When by one of above-mentioned technology selective excitation signal,, upgrade the storer of wave filter 136 (1/A (Z)) and 146 (Wp (Z) and Wn (Z)) in step 222.In addition, the laser signal that adaptive code book 712 usefulness are newly determined upgrades, so that handle next subframe.In step 224, coding parameter is exported to storing apparatus or sent to far decoding unit then.
Fig. 8 shows decode procedure.At first, to present frame decoding LPC coefficient.Then, according to the pronunciation information of each subframe, decipher exciting of one of three class voice.By LPC composite filter filtering excitation signal, obtain synthetic speech at last.
After step 802 pair code translator initialization, in step 804 frame of coded word is read in code translator, again at step 806 decoding LPC coefficient.
The decoding step of LPC (LAR form) coefficient in two stages.At first decipher the first five LAR parameter from LPC scalar quantizer code book:
LAR[i]=LPCSQTable[i] [rxCodewords-LPC[i]] (formula 21a)
I=0,1,2,3,4 wherein.
Then, decoding is from the residue LAR parameter of LPC vector quantizer code book:
LAR[5,9]=LPCVQTable[0,4] [rxCodewords → LPC[5]] (formula 21b)

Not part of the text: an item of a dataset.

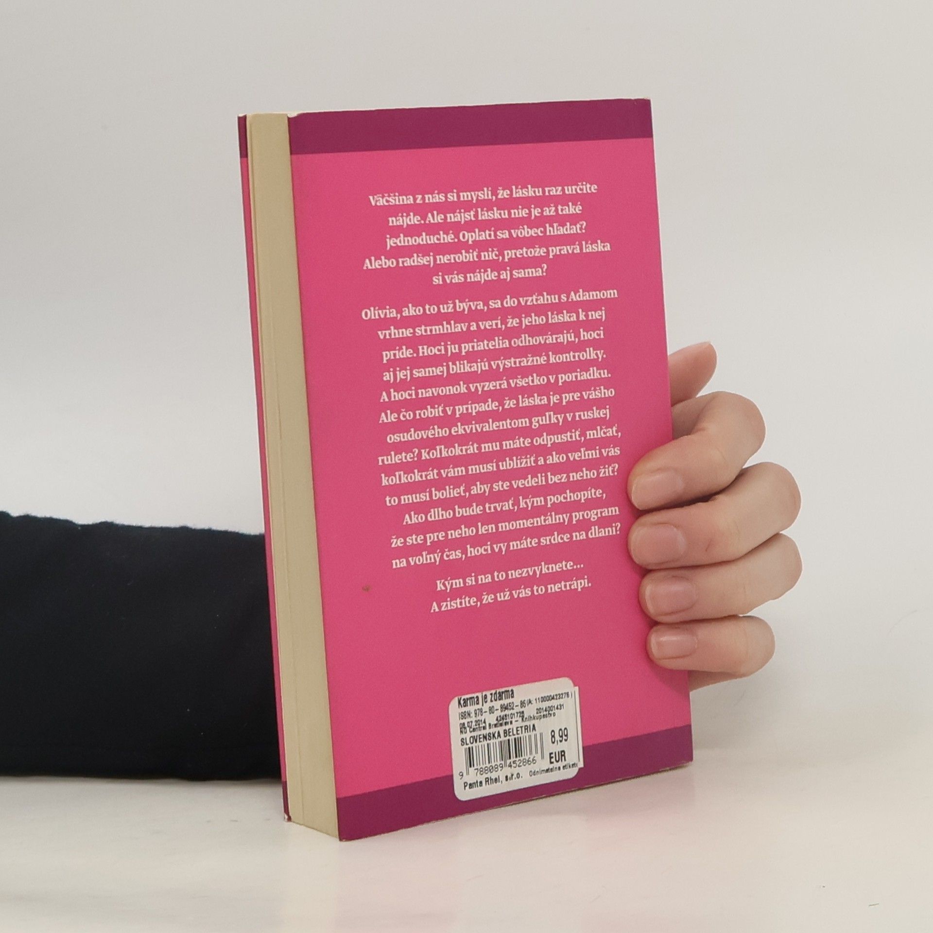 Keď stratíte jeho, nájdete seba, keď nájdete seba, nájde si vás :) Možno aj váš príbeh o vzťahu, ktorý funguje, kým nepríde láska. Väčšina z nás si myslí, že lásku raz určite nájde. Ale nájsť lásku nie je až také jednoduché. Oplatí sa vôbec hľadať? Alebo radšej nerobiť nič, pretože pravá láska si vás nájde aj sama? Olívia, ako to už býva, sa do vzťahu s Adamom vrhne strmhlav a verí, že jeho láska k nej príde. Hoci ju priatelia odhovárajú, hoci aj jej samej blikajú výstražné kontrolky. A hoci navonok vyzerá všetko v poriadku. Ale čo robiť v prípade, že láska je pre vášho osudového ekvivalentom guľky v ruskej rulete? Koľkokrát mu máte odpustiť, mlčať, koľkokrát vám musí ublížiť a ako veľmi vás to musí bolieť, aby ste vedeli bez neho žiť? Ako dlho bude trvať, kým pochopíte, že ste pre neho len momentálny program na voľný čas, hoci vy máte srdce na dlani? Kým si na to nezvyknete... A zistíte, že už vás to netrápi.

After 10 LAR parameter decoding,, use in the LPC vector work of known interior push technology to current LPC parameter vector and former frame to push away, and LAR is converted back to predictive coefficient in step 808.LAR can get back to predictive coefficient by two step conversion.At first, as following, the LAR Parameters Transformation is got back to reflection coefficient:
rc [ i ] = 1 - exp ( LAR [ i ] ) 1 + exp ( LAR [ i ] )
(formula 22a)
Then, obtain predictive coefficient by following formula:
a i ( i ) = k i
a j ( i ) = a j ( i - 1 ) - k i a j - 1 ( i - 1 ) 1 ≤ j ≤ i - 1
a j = a j ( Np ) - - - - 1 ≤ j ≤ N p
(formula 22b)
After LAR is converted back to predictive coefficient,, the subframe cycle count is set to n=0 in step 810.Then in step 812, each subframe is determined which in three kinds of coding methods this subframe sort out, because the decoding of each coding method is different.

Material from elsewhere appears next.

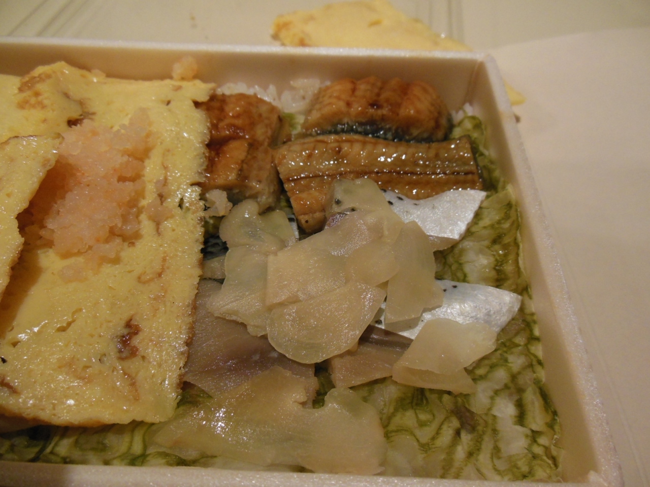 玉子焼きが敷き詰められていますが、その下には、うなぎやえび、こはだが入っています。

In step 814, if the pronunciation sign of current subframe indication voiceless sound subframe (v=1) is just deciphered voiceless sound and excited.With reference to Fig. 9, at first 902, in fixed code book FCB, take out shape vector, the decoding index is:
C FCB[i]=FCB[UVshape-code[n]][i] i=0,...,N
904, whether be the first voiceless sound subframe then according to this subframe, the gain of decoding shape vector.If the first voiceless sound subframe is just directly deciphered the absolute gain value, otherwise is deciphered this absolute gain value by corresponding Huffman sign indicating number in voiceless sound gain code book.906, symbolic information is added to this yield value at last, produces excitation signal 908.This situation can be summarized as follows:
Gain_code=rxCodewords.Uvgain_code[n]
if(previous?subframe?is?unvoided){
Δ=HuffmanDecode[Gain_code]
Gain_code=Gain_code_p+Δ
}
Gain_code_p=Gain_code
Gain=Gain_sign*UVGAINCBTABLE[Gain_code]
Refer again to Fig. 8, when subframe is voiced sound subframe (v=2), excite in order to decipher voiced sound, at first take out lag information, for the subframe of even number, at rxcodewords.ACB.code[n in step 816] in obtain this lagged value.For the odd number subframe,, if certain Lag_p 〉=58, just substituting current lagged value, as if Lag_p<58, then from rxcodewords.ACB_code[n with Lag_p according to the lagged value Lag_p of last subframe] lining extracts lagged value.Then, rebuild this single pulse according to its symbol, position and absolute amplitude.If decoding ACB vector is just continued in lagged value Lag 〉=58.At first, take out the ACB gain vector in the ACBGAINTable:
ACB_gainq[i]=
ACBGAINCBTable[rxCodewords.ACBGain_index[n]][i]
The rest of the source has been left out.